Thought Leader Of The Week: Ashley Crowder, Co-founder, VNTANA

A pioneer in the mixed-reality space for the past seven years, Ashley Crowder is the co-founder and CEO of VNTANA, an industry-leading platform working in 3D Web, AR and VR, helping Fortune 1000 brands including Adidas, Lexus, AT&T, and others launch mixed-reality applications to increase conversions. Prior to co-founding VNTANA, she graduated from USC with Bachelors and Masters degrees in engineering, and gained valuable engineering experience at Gulfstream, Northrop Grumman, and BP. Crowder was featured as one of USC’s leading engineering CEOs of 2016 and is a part of the Microsoft Early Developer Program.

Crowder has spoken about the future of mixed reality at SXSW, Digital Summit, Internet Summit, Augmented World Expo, TEDx Venice, the World Economic Forum’s Global Growth Companies & Technology Pioneers, U.S. Chamber of Commerce, the Network for Teaching Entrepreneurship, The Montgomery Summit, Siemer Summit, Digital LA, and now she brings her expertise to the XLIVE and LDI's LiveXSymposium and LDI2019’s new focus on Extended Reality.

Live Design: What—in a nutshell—was your career path?

Ashley Crowder: I always wanted to start my own company. As a kid, I started by selling granola bars on the bike trail. I also always loved math and science and building things. I would tag-along with my dad to construction sites on the weekends as he was building his construction company. I got my Bachelors and Masters in engineering at USC. During school, I interned at Gulfstream for engineering experience then MTV to learn about entertainment, as I wasn’t sure what I wanted to do. After graduating, I gained valuable manufacturing experience at Northrup Grumman and BP, but I always had some sort of side gig. While at BP, I started importing glasses from China to resell, and that’s how I met my co-founder Ben who weirdly enough also had a glasses import side business. I later started programming light shows for DJs on the weekends, which combined my love of engineering and art and entertainment. This is where the idea for VNTANA sprouted. We wanted to take the light shows to the next level.

LD: How did you get involved in the areas of augmented and mixed reality?

AC: As I mentioned above, I programmed light shows for DJs, which brought my love of art and engineering together and really got me curious in how we could put the digital in the real world. I then got introduced to the Institute of Creative Technology (ICT) and experienced their current studies in mixed reality. I knew this was the future of not just entertainment, but also education, work, every aspect of our lives, and I wanted to be a part of shaping this new immersive universe.

LD: Do you feel as if you broke a glass ceiling as a CEO in this field?

AC: There needs to be more woman CEOs in every industry. I don’t feel like I will have broken a glass ceiling until VNTANA has a successful IPO or exit. Female founded companies today only receive ~3% of venture capital. We need more female founded success stories to create more female investors to change that statistic. I really look up to the founders of Blackline, Stitch Fix, Eventbrite, and others who have succeeded in this.

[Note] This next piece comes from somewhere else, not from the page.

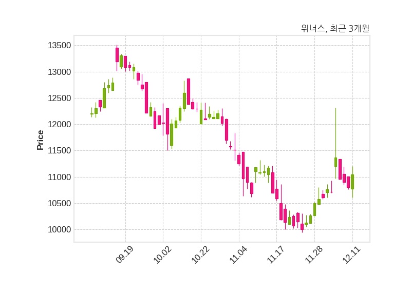 한편, 위너스의 14시 22분 현재주가는 11,040원으로 직전 거래일 대비 240원(+2.22%) 상승이며, 거래량은 6,573주이다.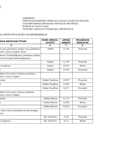RINCIAN KEGIATAN JABATAN FUNGSIONAL INSTRUKTUR KATEGORI KETERAMPILAN

LD: What are your five-year goals for VNTANA?

AC: VNTANA started by providing turnkey hologram solutions to clients at events, retail, and sport sponsorship locations. The industry was so nascent when we first started that clients required a turnkey solution to understand the possibilities. While doing this, we realized that no one had the 3D assets required for holograms, AR, or VR. This was a huge problem, and we built a robust content pipeline to solve this for ourselves. Now that more AR and VR devices are on the market and web can support 3D assets, we are starting to license our software as a service to enable brands to create and distribute their 3D assets across web, AR, and VR. Over the next five years, VNTANA will shape the future of e-commerce by making it easy to create a 3D version of every product in the world.

LD: What it the impact that extended or augmented reality will have on our futures?

AC: AR is going to impact every aspect of our lives. How we learn, how we work, and how we play. Its ability to seamlessly connect data to our everyday environment is extremely powerful, and we have only scratched the surface of what it can do. Enabling technologies like our software that helps create and distribute 3D assets across the spatial computing landscape will help accelerate more use cases. To date, the high cost and time to create content is what has held back the industry.